Manifesto Global Pede Proibição de IA Superinteligente; Príncipe Harry e Steve Bannon Assinam Juntos
Carta divulgada pelo Future of Life Institute alerta big techs sobre riscos que vão de extinção humana a perdas de liberdade, unindo figuras públicas de espectros ideológicos opostos.
Uma coalizão incomum, que inclui o Príncipe Harry e sua esposa Meghan Markle, além do ex-estrategista de Donald Trump, Steve Bannon, assinou um manifesto que exige a proibição imediata do desenvolvimento de inteligência artificial “superinteligente”. A carta, publicada nesta quarta-feira (22) pelo instituto Future of Life, reflete uma crescente preocupação global sobre os riscos existenciais da tecnologia.
O documento é direcionado a gigantes do setor como Google, OpenAI e Meta, que estão em uma corrida tecnológica para criar IAs capazes de superar significativamente a capacidade cognitiva humana. O manifesto pede que o desenvolvimento da superinteligência seja suspenso até que haja um consenso científico robusto sobre como garantir a segurança e o controle da tecnologia, com apoio público firme.
Riscos e Advertências
O Future of Life Institute, fundado pelo pesquisador do MIT Max Tegmark, já havia liderado um pedido de pausa no treinamento de IAs em 2023, que não foi atendido pelas big techs.

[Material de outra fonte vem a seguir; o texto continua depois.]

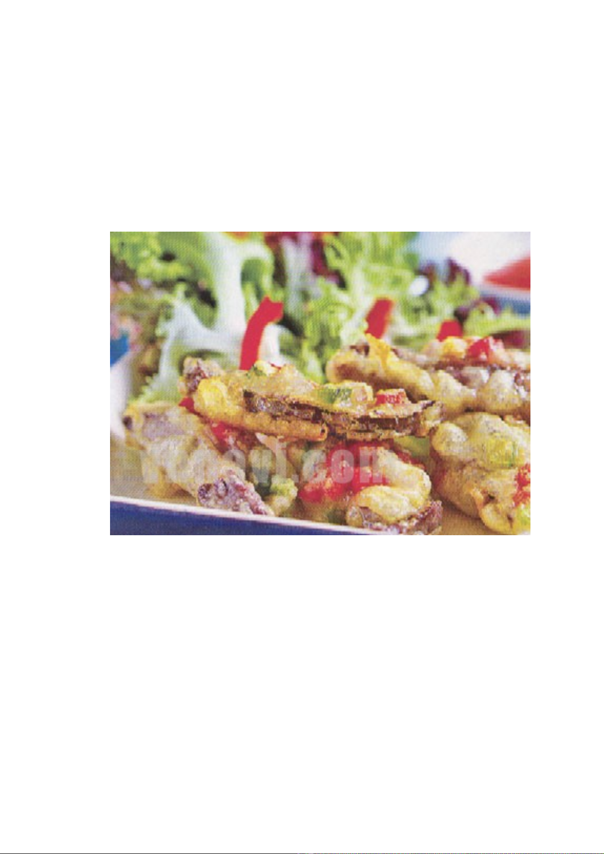 - Nhúng tim vào bột, xếp rau củ lên trên, thái vào chảo dầu, rán vàng.

A nova carta reconhece o potencial de benefícios da IA para a saúde e prosperidade, mas alerta que a criação de superinteligências levanta graves preocupações.
Entre os riscos citados no manifesto estão: recessão econômica, perda de liberdade e dignidade humanas, ameaças à segurança nacional e a possibilidade de extinção da espécie humana.
A lista de signatários é notavelmente diversa e inclui, além do casal de Sussex e Bannon: Steve Wozniak (cofundador da Apple), Richard Branson (fundador da Virgin), o comentarista conservador Glenn Beck, artistas como Kate Bush e Will.i.am, e ex-autoridades políticas como Susan Rice.
Em uma nota pessoal, o Príncipe Harry sublinhou a urgência da cautela: “O futuro da IA deve servir à humanidade, não substituí-la. […] Não há segunda chance”, disse o duque de Sussex, apelando por sabedoria na condução do progresso tecnológico. Até o momento, as grandes empresas de tecnologia citadas não responderam ao manifesto.